WHAT IS NEEDED:
Every entry must be repeated exactly. Exclude all pictures.

SOURCE MATERIAL:

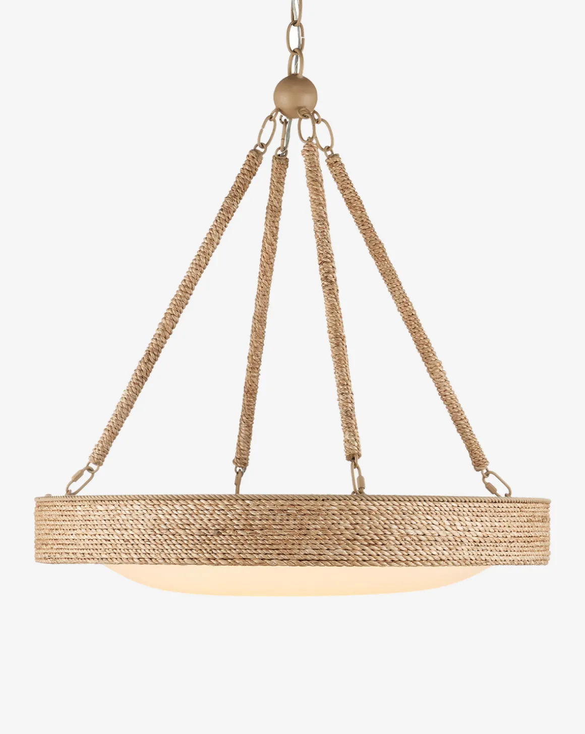 Featuring a streamlined yet organic design and a frame wrapped in natural abaca rope, the Hopscotch Chandelier brings warm light to any room. Displaying a wide glass shade, this chandelier is beautifully balanced.
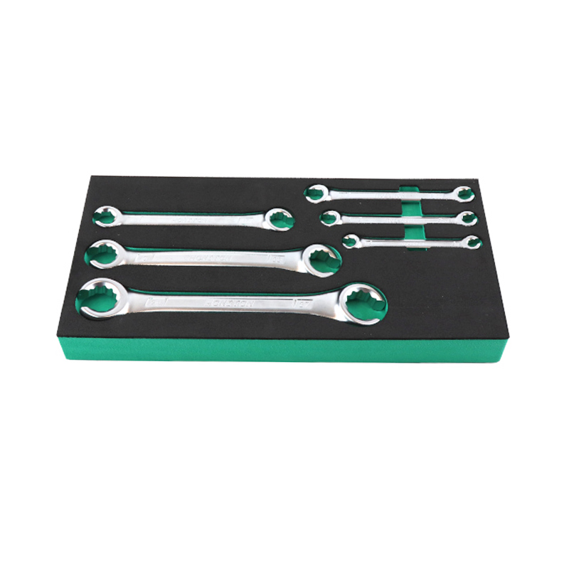 Набор из 6-и разрезных гаечных ключей HONITON. Размер: 8x9; 10x11; 12x13; 14x17; 19x22; 24x27 мм. Каждый ключ изготовлен из кованой закаленной хромванадиевой стали, полностью хромирован, что гарантирует высокую прочность и долгий срок службы без коррозии и деформации. Поставляется на специальном ложементе, устойчивом к агрессивным маслам и кислоте и удобном для упорядоченного хранения. Надежный и долговечный инструмент HONITON.
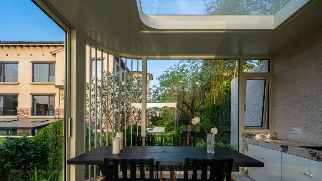 The function of a sunroom is not limited to drinking tea or chatting, it is more about creating a scene for the family. In the sunhouse, you can enjoy the beautiful views of the garden in 360 degrees. Although its interior space is large enough, it cannot replace the function of a sunhouse, which can better view the home and interact with the indoor space, while also feeling the form of the building from different perspectives.
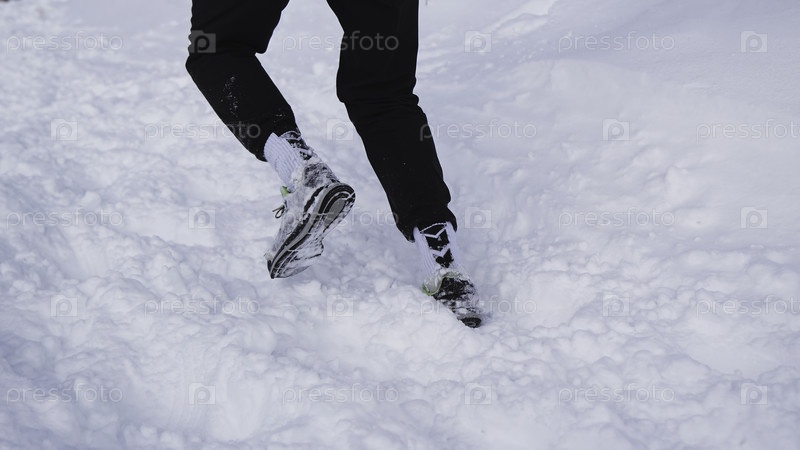 Берн, Швейцария - 20 января 2023 года: Мужчина бежит зимний марафон Клип.Мужчина бегает вверх по склону на зимнем марафоне мужчина поднимается с горки со снегом на гонке
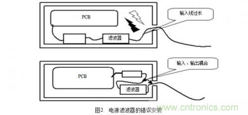 (3)在電源電路(尤其是開關(guān)電源中),操縱電路,控制電路,以及轉(zhuǎn)換電路中消除產(chǎn)生的干擾。在工程實(shí)際中,一個(gè)最值得注意的地方是電源濾波器的安裝,常見的濾波器的錯(cuò)誤安裝如圖2所示。
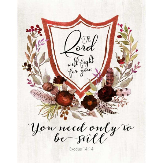 Exodus 14:14 - Burnt Orange Black Modern Wood Framed Art Print with Double Matting by Moss, Tara
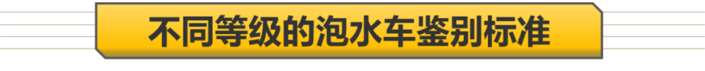 虽说都叫泡水车,但是泡水也要看等级,不是说所有泡水车都不能买。我们大致可以将泡水车分成几个等级,为了方便阅读,我们稍微简化了一下,懂行的朋友就别计较啦。需要注意的是部分情况下水位并没有到达车辆的底盘处,理论上不需要特别整修,只要关注一下轮胎和刹车盘的状况,我们就不计入泡水车的范畴内了。
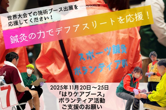 2025年11月におこなわれる「聴覚障がい者の世界大会」での施術ボランティア活動を支えるため、また、鍼灸師の役割を広く社会に発信し認知拡大を図るためのプロジェク...
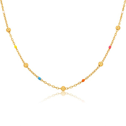 彩點是用高品質烤漆工藝做的,海水濺到、陽光曬都不怕掉色,金色鋼材質也很堅韌,在海邊玩兒的時候跑跑跳跳、和沙子摩擦都沒問題,長久戴下來,項鍊依舊是那副繽紛亮麗的樣子,陪你度過每個活力海邊日。
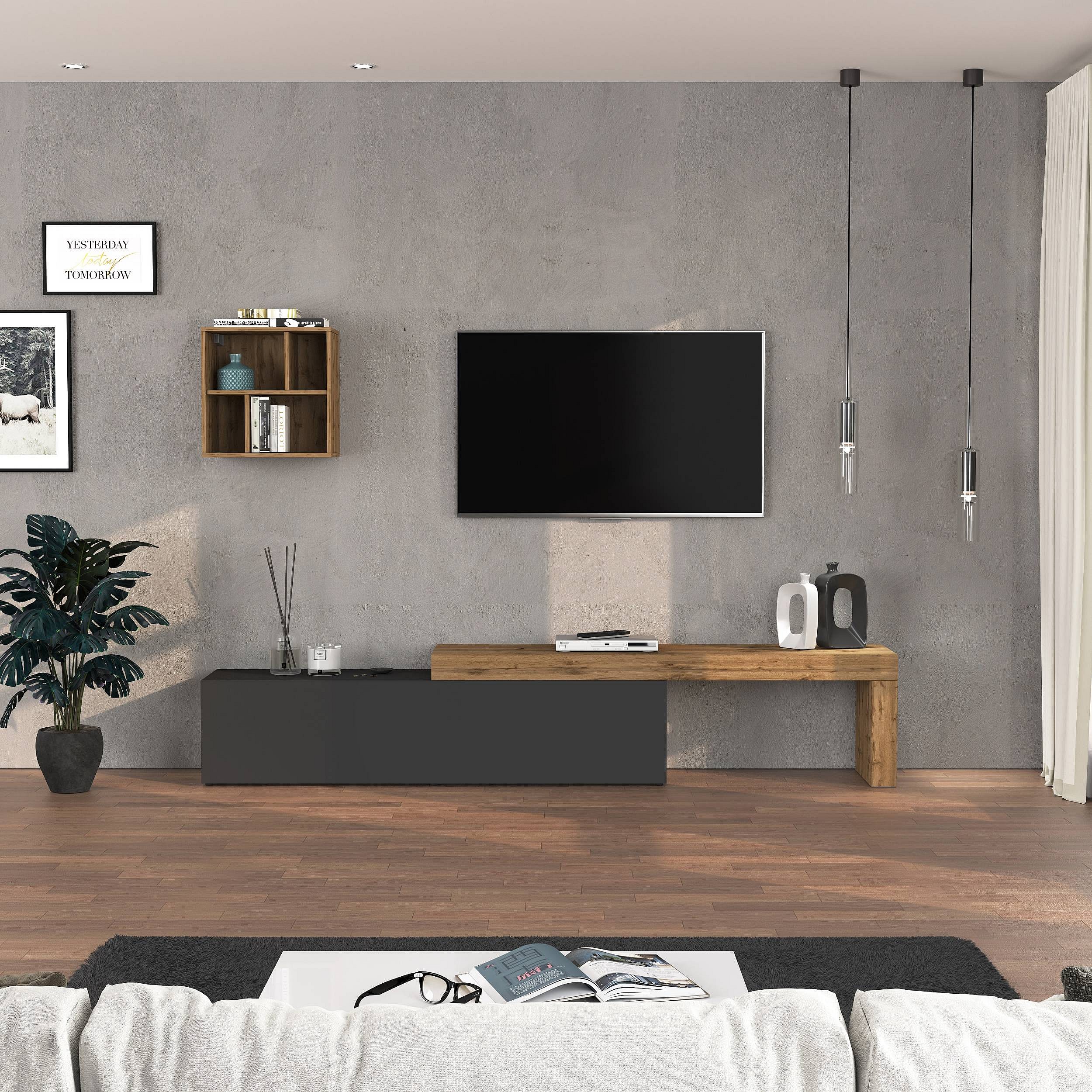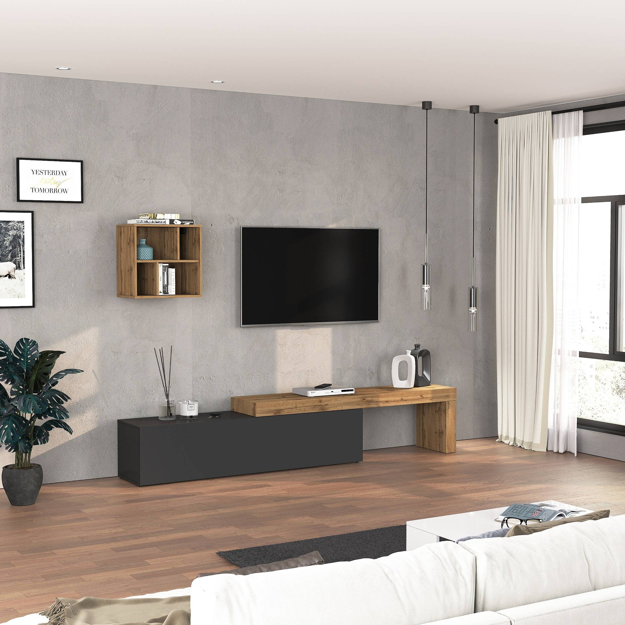 Parete attrezzata Chronos set soggiorno antracite opaco e rovere 190/350x40 cm

EXERCISE RESULT:
 Featuring a streamlined yet organic design and a frame wrapped in natural abaca rope, the Hopscotch Chandelier brings warm light to any room. Displaying a wide glass shade, this chandelier is beautifully balanced.
 Набор из 6-и разрезных гаечных ключей HONITON. Размер: 8x9; 10x11; 12x13; 14x17; 19x22; 24x27 мм. Каждый ключ изготовлен из кованой закаленной хромванадиевой стали, полностью хромирован, что гарантирует высокую прочность и долгий срок службы без коррозии и деформации. Поставляется на специальном ложементе, устойчивом к агрессивным маслам и кислоте и удобном для упорядоченного хранения. Надежный и долговечный инструмент HONITON.
 The function of a sunroom is not limited to drinking tea or chatting, it is more about creating a scene for the family. In the sunhouse, you can enjoy the beautiful views of the garden in 360 degrees. Although its interior space is large enough, it cannot replace the function of a sunhouse, which can better view the home and interact with the indoor space, while also feeling the form of the building from different perspectives.
 Берн, Швейцария - 20 января 2023 года: Мужчина бежит зимний марафон Клип.Мужчина бегает вверх по склону на зимнем марафоне мужчина поднимается с горки со снегом на гонке
 (3)在電源電路(尤其是開關(guān)電源中),操縱電路,控制電路,以及轉(zhuǎn)換電路中消除產(chǎn)生的干擾。在工程實(shí)際中,一個(gè)最值得注意的地方是電源濾波器的安裝,常見的濾波器的錯(cuò)誤安裝如圖2所示。
 Exodus 14:14 - Burnt Orange Black Modern Wood Framed Art Print with Double Matting by Moss, Tara
 虽说都叫泡水车,但是泡水也要看等级,不是说所有泡水车都不能买。我们大致可以将泡水车分成几个等级,为了方便阅读,我们稍微简化了一下,懂行的朋友就别计较啦。需要注意的是部分情况下水位并没有到达车辆的底盘处,理论上不需要特别整修,只要关注一下轮胎和刹车盘的状况,我们就不计入泡水车的范畴内了。
 2025年11月におこなわれる「聴覚障がい者の世界大会」での施術ボランティア活動を支えるため、また、鍼灸師の役割を広く社会に発信し認知拡大を図るためのプロジェク...
 彩點是用高品質烤漆工藝做的,海水濺到、陽光曬都不怕掉色,金色鋼材質也很堅韌,在海邊玩兒的時候跑跑跳跳、和沙子摩擦都沒問題,長久戴下來,項鍊依舊是那副繽紛亮麗的樣子,陪你度過每個活力海邊日。
 Parete attrezzata Chronos set soggiorno antracite opaco e rovere 190/350x40 cm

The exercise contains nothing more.